Scrum and Kanban both follow their taxonomy. We talk about epics, user stories, story points, backlog, backlog grooming, stand-ups, and so much more when it comes to Scrum. But we will not be discussing them here. If you want to learn more, here is an article from Atlassian that talks in-depth about Scrum.
When to use Scrum?
Scrum is useful when there is a roadmap for a specific duration of time, say one quarter. You work in short, one to two-week cycles called sprints. So, you do not need to have a clear roadmap to what features you will work on in the 9th sprint. However, it is better to have a roadmap for the coming two sprints.
Like playing team sports, you play as a group of individuals than playing as a team in the initial stage. There are squabbles, frictions, noise. Just because you have Scrum doesn’t mean everything goes smoothly. It will get better with practice and involvement of the team. After working for a few sprints, you will even notice improvements in teamwork and the processes. It is synchronized.
When to use Kanban?
Kanban is best suited when things are very fluid. You don’t want to have too much work in progress. There are different lists like to do, doing, and done.
While following Kanban, you want to make sure there are not tasks piling up on the list. Of course, Kanban is not time-bound, but the idea is to pick up one job and start doing it from one step to another. There should not be many tasks on the list. The team can decide on the definition of “many” and a suitable number of tasks in the lists.
Can Scrum and Kanban exist in the same project?
Yes. We can implement both Scrum and Kanban.
Like in Leapfrog, we have a healthcare project where we follow both these frameworks. In a function called data operation, we use Kanban as it doesn’t directly link with a user story. It is more suitable than the Scrum as it is not related to core features but still needs to be developed. There are neither priorities nor time constraints.
Thus, Kanban is the best fit for some sections of projects, even when it also uses Scrum. It is more important is to have an agile mindset. Without that mindset, there is going to be natural friction and squabbles about the required changes. Following agile is not just about the process but the mindset itself.
How necessary are the tools in agile methodology?

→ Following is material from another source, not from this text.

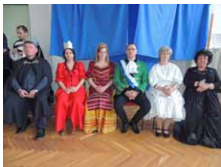
A mese és a regény szereplőinek találkozója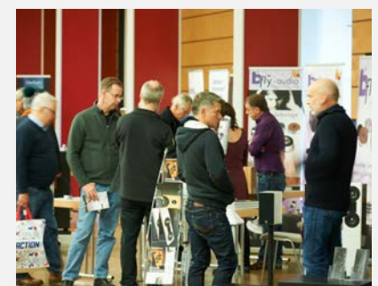
Gespräche mit den Ausstellern > Bild herunterladen

The tools help to implement agile methodologies, but they do not teach the agile mindset. Jira, Trello, Asana are all perfect tools to manage your process and help achieve the agile practice. But a simple excel sheet will also work fine as these tools only exist to facilitate the process and not define them. It can help enable the process, but the tool cannot teach the mindset.
Which framework to choose?
To choose between the frameworks, the product manager needs to understand the fit, what problems are they solving, and accordingly select the methodologies. The best way is to experiment. Pick up Scrum for a sprint, try it out and see if it works for you. If not, try out Kanban. Choose what works for your team and your context. Make sure you do not just measure the effort but also the value to the user. Then you’ll have a balanced perspective.
Thus, there are different methodologies you can opt for to simplify and standardize your product management processes. However, to find the fit, you need to have an open mindset and experiment. See what works for your team and context the best and follow the framework for an efficient and user-centric product development approach.